Speaking last Thursday, with the Olympics Opening Ceremonies less than 24 hours away, Langenbrunner said he’s focused on both the NHL and representing his country.
“It’s been tough staying focused on the job I get paid to do with my team [New Jersey Devils] and the honor of going to the Olympics. I’m also really excited to see my friends and family who’ll be there too. So it’s a bit difficult putting that excitement aside to focus on our games before the break, but who wouldn’t get excited turning on the TV and seeing the guys on SportsCenter talking about the Olympics?”
Langenbrunner also represented the United States in the 1998 Winter Olympics.
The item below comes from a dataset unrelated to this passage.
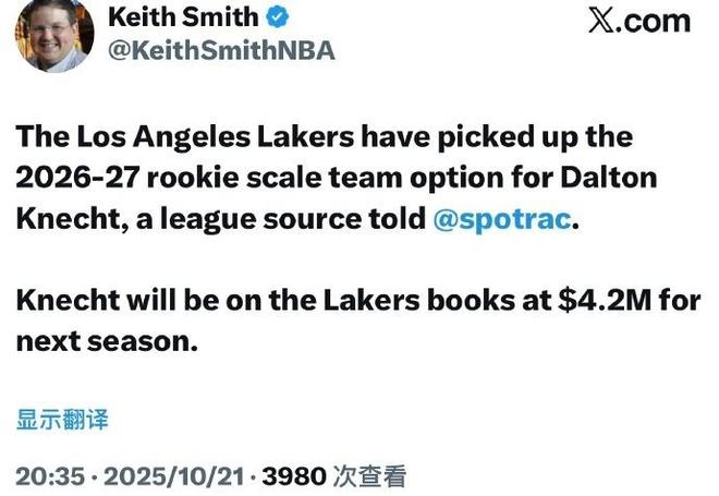 - 北京时间10月21日,根据NBA记者Keith Smith报道,湖人已经执行24岁年轻球员克内克特的2026-27赛季价值420万美元...发表于: 10-21 23:39

“I went to the first one as a replacement at the last minute for an injured guy and it was kinda just a whirlwind where I don’t think I realized where I was going or what I was doing. This time around I had some time to prepare and get into the excitement around the event, which made it a lot better for me. You know you’re going and you can bring your family along, which makes all the difference. This time is different—I’m captain now and, along with the older guys, I’ve been asked to lead. We’ve got a lot of experience to share with the younger guys. Last time I was a 22-year-old kid who didn’t know what was going on.”
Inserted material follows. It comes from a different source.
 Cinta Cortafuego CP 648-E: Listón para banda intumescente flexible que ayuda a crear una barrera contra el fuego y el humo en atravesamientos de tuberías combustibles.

Though everyone’s getting in tune with the “Captain America” nickname now, Langenbrunner says it was fellow Devil and Team USA teammate Zach Parise who first bestowed it upon him.
|Photo: Getty/New Jersey Devils|
Though his brother may be the bigger comic fan, Langenbrunner’s up to date on all his Marvel movies. “I enjoyed the 'Iron Man' movie a lot but my favorite has to be 'Spider-Man'—I enjoyed all those films. He’s a great character and I like his ability to almost fly—I know he can’t, but it’s close enough. I always thought that flying would be a neat power—the freedom would be amazing but the way Spider-Man throws himself around and can use his body is cool.”
And asked if he’d like Spidey as a teammate, Langenbrunner laughs, “Yeah, of course. He’d be pretty elusive out there—the other guys couldn’t stop him!”
Speaking of new teammates, the New Jersey Devils just made arguably the biggest trade of the NHL season by acquiring superstar Ilya Kovalchuk. “It’s great—we’re adding of the most dynamic offensive players in the league. We’ve been struggling a bit lately but now we’ve got a whole new dynamic the team’s never seen before. We’ve increased our depth in scoring and we have some guys that are dangerous players one on one. We’re totally focused on winning the Cup and adding him has excited the group. It also shows us that management believes we can go all the way.”
Langenbrunner’s been successful this year too, captaining the Devils to one of the top spots in the NHL’s Eastern Conference, but he’s reticent to name a favorite moment. “Hopefully it’s yet to come” he laughs, alluding to another Stanley Cup championship. “Individually, it’s gotta be when I scored my first NHL hat trick in Minnesota [on January 3, 2010]. That was pretty enjoyable. But from a team perspective I don’t think we’ve had our best moment yet. It’s been a solid season but I think we have our eyes on something bigger.”
If that focus ever shifted from hockey to super heroics, Langenbrunner’s quick to describe the rather “invincible” hero he’d want to be. “Being Iron Man seems like a pretty good gig. He seems to have both sides of his life going pretty well. He’s got it all going on, doesn’t have problems about money, his job or having fun. Sounds pretty great to me!”